**ASSIGNMENT:** Exactly reproduce the lines of the listing below from the one containing "Du kan også" through the one containing "Selain itu, Kesbangpol". Skip the images.

**DATASET CONTENT:**
######
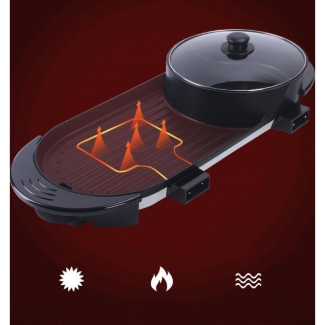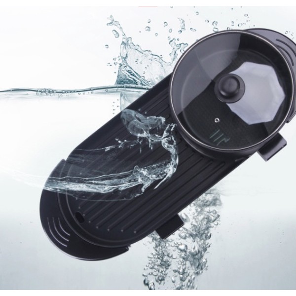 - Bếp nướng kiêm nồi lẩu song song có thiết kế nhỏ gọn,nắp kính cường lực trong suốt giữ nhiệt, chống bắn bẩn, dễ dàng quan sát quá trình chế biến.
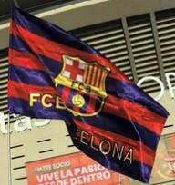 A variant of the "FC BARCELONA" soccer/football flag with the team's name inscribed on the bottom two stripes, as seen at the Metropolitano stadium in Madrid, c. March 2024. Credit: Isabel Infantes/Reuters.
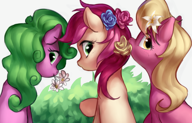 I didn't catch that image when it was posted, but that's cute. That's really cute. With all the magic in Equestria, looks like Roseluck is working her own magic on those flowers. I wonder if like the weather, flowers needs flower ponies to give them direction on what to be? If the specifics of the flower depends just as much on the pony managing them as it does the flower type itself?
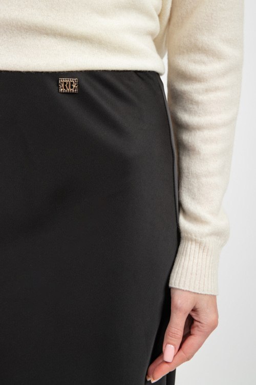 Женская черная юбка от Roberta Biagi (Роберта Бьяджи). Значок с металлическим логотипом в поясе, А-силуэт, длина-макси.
######
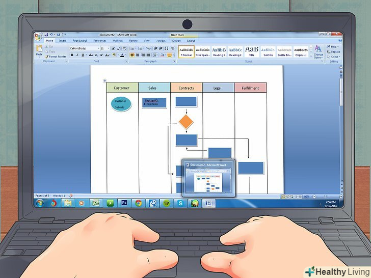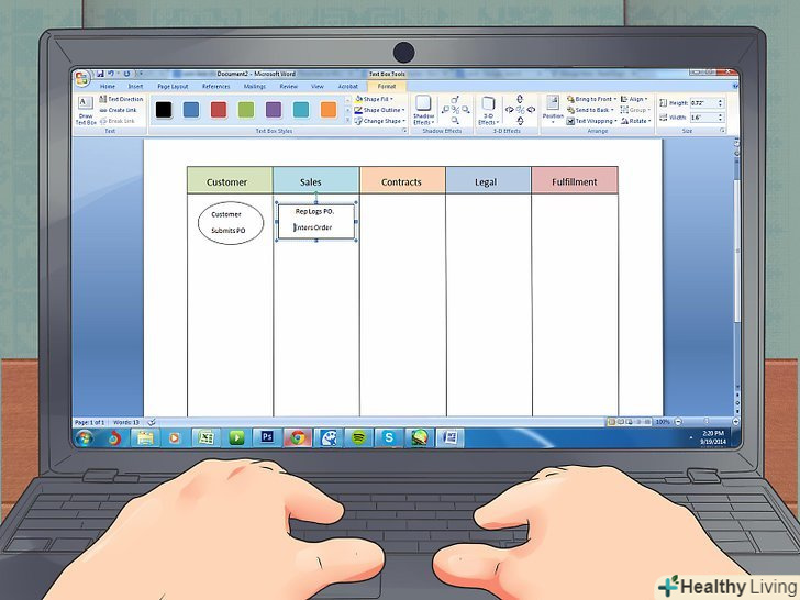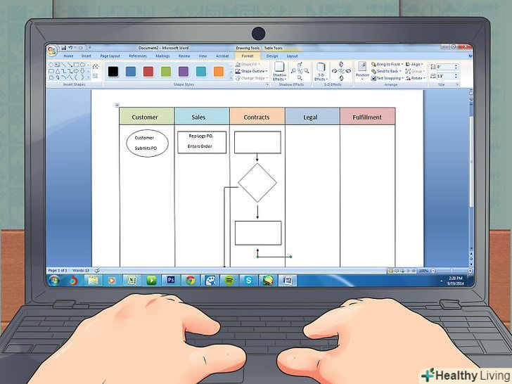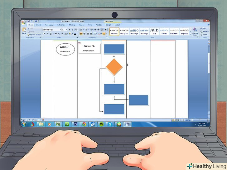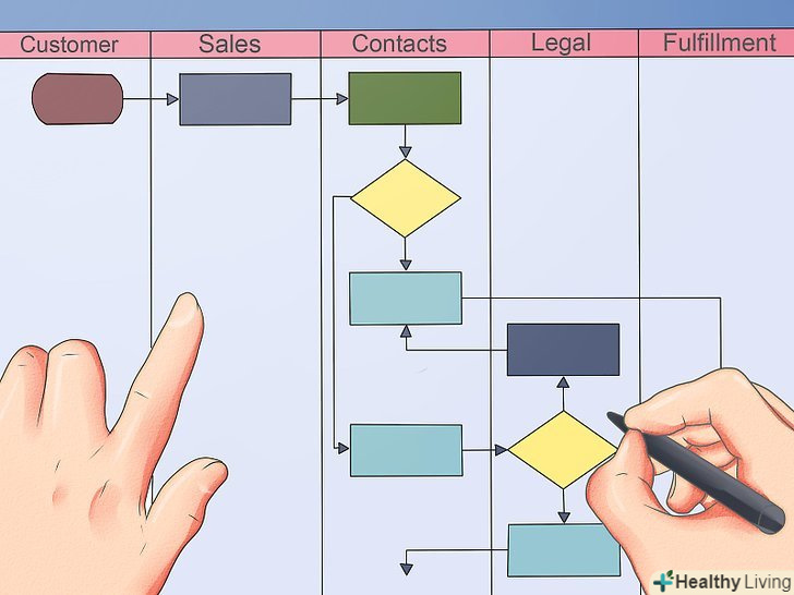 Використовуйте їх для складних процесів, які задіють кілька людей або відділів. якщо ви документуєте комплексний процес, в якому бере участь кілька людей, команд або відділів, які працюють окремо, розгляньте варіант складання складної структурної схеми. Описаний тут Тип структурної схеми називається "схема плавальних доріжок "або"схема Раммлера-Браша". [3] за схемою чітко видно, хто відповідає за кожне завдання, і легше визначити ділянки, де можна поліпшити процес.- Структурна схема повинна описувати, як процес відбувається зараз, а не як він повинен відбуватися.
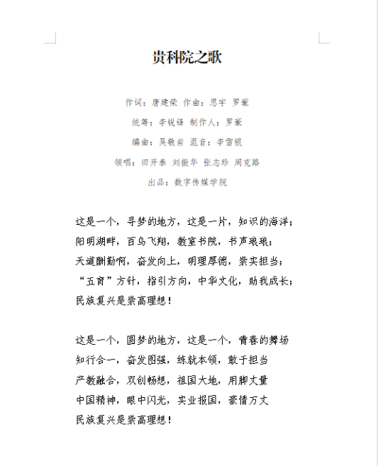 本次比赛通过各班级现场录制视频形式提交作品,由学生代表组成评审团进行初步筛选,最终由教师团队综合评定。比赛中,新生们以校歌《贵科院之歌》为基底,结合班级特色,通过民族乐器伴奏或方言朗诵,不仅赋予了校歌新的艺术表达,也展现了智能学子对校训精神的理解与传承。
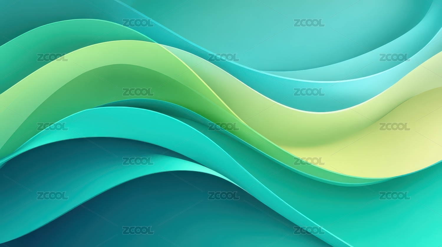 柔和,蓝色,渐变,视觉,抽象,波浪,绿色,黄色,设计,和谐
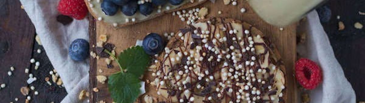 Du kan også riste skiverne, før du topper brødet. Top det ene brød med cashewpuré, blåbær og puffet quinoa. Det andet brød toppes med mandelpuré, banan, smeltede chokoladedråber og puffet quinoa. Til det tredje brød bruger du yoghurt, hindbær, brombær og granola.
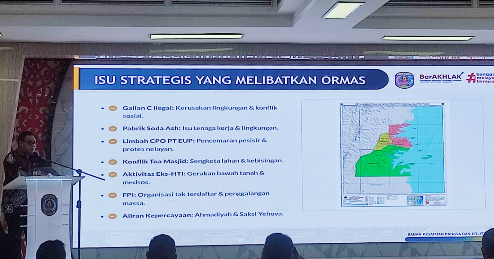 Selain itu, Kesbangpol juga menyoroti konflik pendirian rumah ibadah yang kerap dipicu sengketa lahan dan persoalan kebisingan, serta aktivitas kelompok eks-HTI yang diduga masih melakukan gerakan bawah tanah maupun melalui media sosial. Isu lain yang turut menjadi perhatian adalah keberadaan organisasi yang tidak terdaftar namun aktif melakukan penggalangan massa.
######
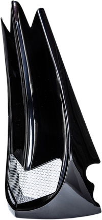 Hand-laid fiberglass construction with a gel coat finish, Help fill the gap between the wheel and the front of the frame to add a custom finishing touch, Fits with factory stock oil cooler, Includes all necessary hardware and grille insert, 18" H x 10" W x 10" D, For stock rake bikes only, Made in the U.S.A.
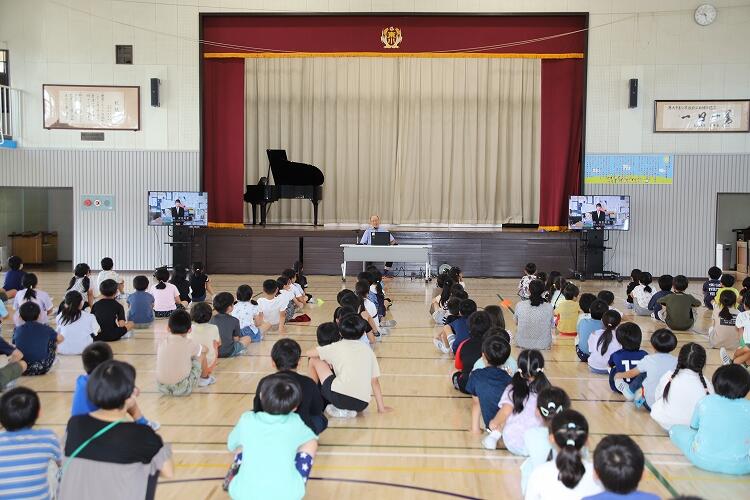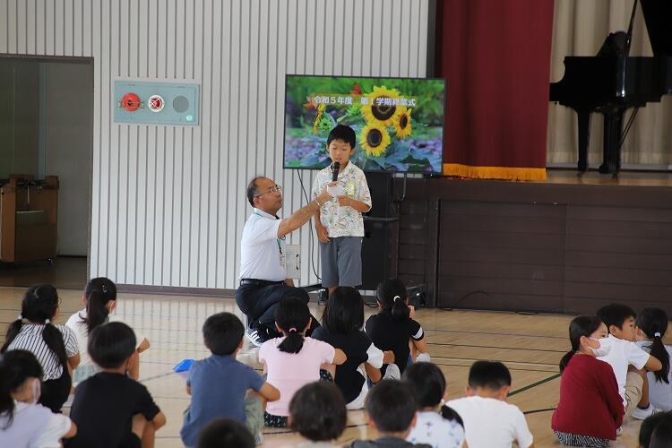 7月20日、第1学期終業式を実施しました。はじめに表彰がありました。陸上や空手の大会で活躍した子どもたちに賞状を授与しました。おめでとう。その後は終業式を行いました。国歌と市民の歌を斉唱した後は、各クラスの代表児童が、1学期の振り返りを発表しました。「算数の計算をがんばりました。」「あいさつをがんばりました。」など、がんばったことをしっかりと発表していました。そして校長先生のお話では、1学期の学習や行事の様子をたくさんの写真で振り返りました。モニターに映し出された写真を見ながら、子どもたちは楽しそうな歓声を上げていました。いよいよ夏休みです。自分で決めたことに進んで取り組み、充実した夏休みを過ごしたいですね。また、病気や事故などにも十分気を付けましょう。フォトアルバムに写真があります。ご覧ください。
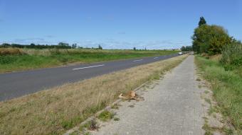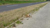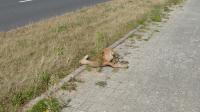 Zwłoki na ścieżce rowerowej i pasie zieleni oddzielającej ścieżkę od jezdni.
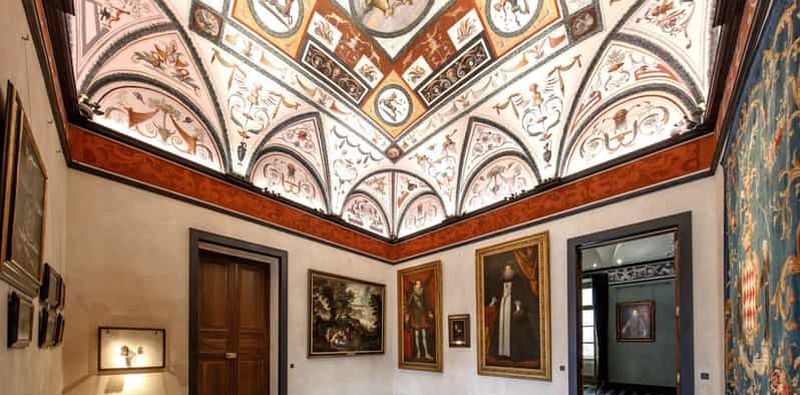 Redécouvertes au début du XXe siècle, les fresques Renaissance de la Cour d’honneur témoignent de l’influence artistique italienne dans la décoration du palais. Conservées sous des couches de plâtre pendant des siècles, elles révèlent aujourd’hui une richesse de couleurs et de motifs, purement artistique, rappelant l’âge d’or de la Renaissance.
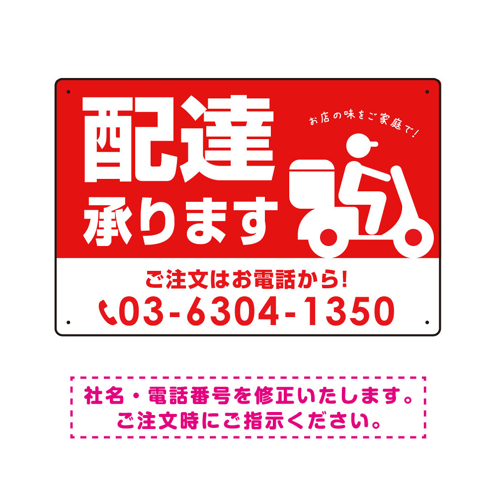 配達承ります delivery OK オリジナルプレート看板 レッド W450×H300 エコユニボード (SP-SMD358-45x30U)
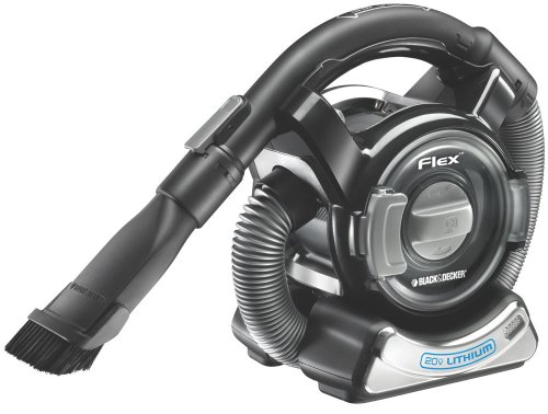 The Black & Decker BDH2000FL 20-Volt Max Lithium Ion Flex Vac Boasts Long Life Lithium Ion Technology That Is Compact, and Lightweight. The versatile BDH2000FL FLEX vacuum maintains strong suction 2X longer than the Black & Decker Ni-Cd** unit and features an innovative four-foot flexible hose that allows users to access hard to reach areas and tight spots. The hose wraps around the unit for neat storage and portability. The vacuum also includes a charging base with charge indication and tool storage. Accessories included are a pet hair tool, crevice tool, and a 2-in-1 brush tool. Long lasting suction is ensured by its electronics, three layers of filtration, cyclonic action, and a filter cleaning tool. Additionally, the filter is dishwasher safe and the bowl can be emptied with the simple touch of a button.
######
**EXERCISE RESPONSE:**
 Du kan også riste skiverne, før du topper brødet. Top det ene brød med cashewpuré, blåbær og puffet quinoa. Det andet brød toppes med mandelpuré, banan, smeltede chokoladedråber og puffet quinoa. Til det tredje brød bruger du yoghurt, hindbær, brombær og granola.
 Selain itu, Kesbangpol juga menyoroti konflik pendirian rumah ibadah yang kerap dipicu sengketa lahan dan persoalan kebisingan, serta aktivitas kelompok eks-HTI yang diduga masih melakukan gerakan bawah tanah maupun melalui media sosial. Isu lain yang turut menjadi perhatian adalah keberadaan organisasi yang tidak terdaftar namun aktif melakukan penggalangan massa.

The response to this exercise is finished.